Mis observaciones, que creo no están tan equivocadas, me permiten asegurar que el enlace de tradición y comunidad es el que construye un espacio en el cual opera la mediación cultural y que en el, esa subjetividad es la que provoca el resurgimiento de nuestros valores antiguos, dándonos entonces, cohesión y unión social, incluso sin el reconocimiento comunal.
Claro, una vez estos parámetros puestos en actividad, cuestionan lo absoluto y todo lo que se cree en estas comunas que ya esta resuelto, como la identidad nacional o su propia especificidad local, la que bien me parece remarcar; alemana para Contulmo y española para Cañete.

Mientras tanto, esa subjetividad mapuche se ha mantenido entre sujeto individual y sujeto colectivo y precisamente a la inversa de la objetividad que practica el orden institucional, esta, nuestra subjetividad cultural, se funde en nuestro pasado y su oralidad, en su memoria colectiva y su correspondiente historia local, llegando incluso a concebir los dos conceptos -tradición y comunidad- como referencias de un mismo pasado.

Estas referencias, tradición y comunidad, creo que tienen y deben ejercer en la sociedad local de ambas comunas, un rol absolutamente positivo, obligando a la razón de Estado, a los partidos políticos, a la historia formal que aquí se ha construido, a mirar y corregir sus vacíos, sus debilidades, su universalismo, su sectarismo, etc.
Las autoridades municipales de Contulmo y Cañete -comunas en las cuales existe una importante presencia lafkenche- deben considerar los aspectos histórico culturales indígenas que han sido negados u olvidados voluntariamente.

Es indudable que tanto en Chile, como en las dos comunas señaladas, hay tareas pendientes, una de ellas -que me parece de carácter primordial- es la de crear una pedagogía de la memoria local, alimentada por culturas distintas, pero capaces de interrogar y cuestionar el pasado que hemos vivido. Y al mismo tiempo, ser capaces también de proponer nuevas vías, nuevas alternativas y por su puesto, caminos propios de entendimiento.
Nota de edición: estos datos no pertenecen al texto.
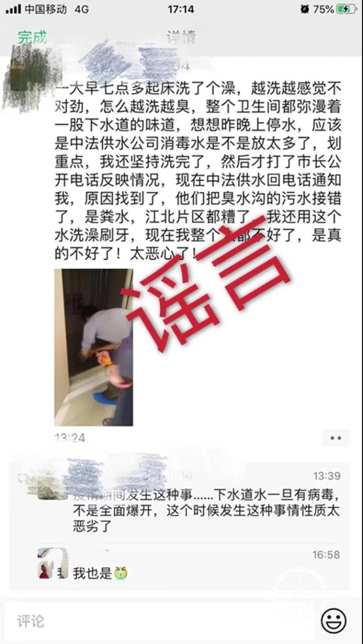 4月27日,一則關(guān)于江北區(qū)供水異常的截圖在微信朋友圈里流傳。截圖中某居民稱,由于中法供水接水管道施工出現(xiàn)事故,將污水管道接成了糞水,影響了整個(gè)江北區(qū) 。
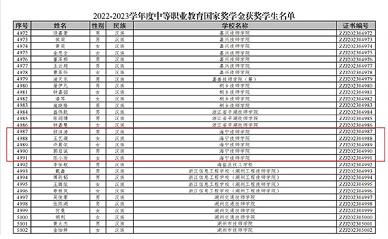 2023年12月末,教育部、人力資源和社會保障部發布了《2022—2023學年度中等職業教育國家獎學金獲獎學生名單》的公告,海寧技師學院5名學生獲得中職國家獎學金,截止目前海寧技師學院已共有25名學子獲得本項國家級殊榮。

En Cañete, Contulmo y Tirúa, en general en toda la provincia de Arauco, la construcción de una identidad común es aun un desafió y me parece un " error cívico " que ningún alcalde obre, en este sentido.
Mientras tanto, la identidad lafkenche tiene su propio asidero histórico y este se pierde en la noche del tiempo, esta tán presente que cuando interroga a la sociedad mayor, surge la dinámica del conflicto. Un conflicto que hasta hoy día para muchos no parece tener lógica que la sustente, simplemente porque creen que ya todo esta resuelto.

Pero rindiéndose a la evidencia deben concluir que ese no es el caso, que al contrario, la historia de los pueblos no es lineal, sino un inmenso espiral que plantea a todos los que la han vivido, sus herederos que están y vendrán, el desarrollo de uno o de muchos diálogos locales distintos. Y que estos pueden ser, si se efectúan en el respeto de la diferencia cultural, una respuesta sensata y realista de lo local a lo global. Ya que por el momento lo único que queda en evidencia es una sociedad chilena lejos de ser -en lo que se refiere a derechos indígenas- moderna y contemporánea, más bien alejada y en conflicto con sus raíces milenarias.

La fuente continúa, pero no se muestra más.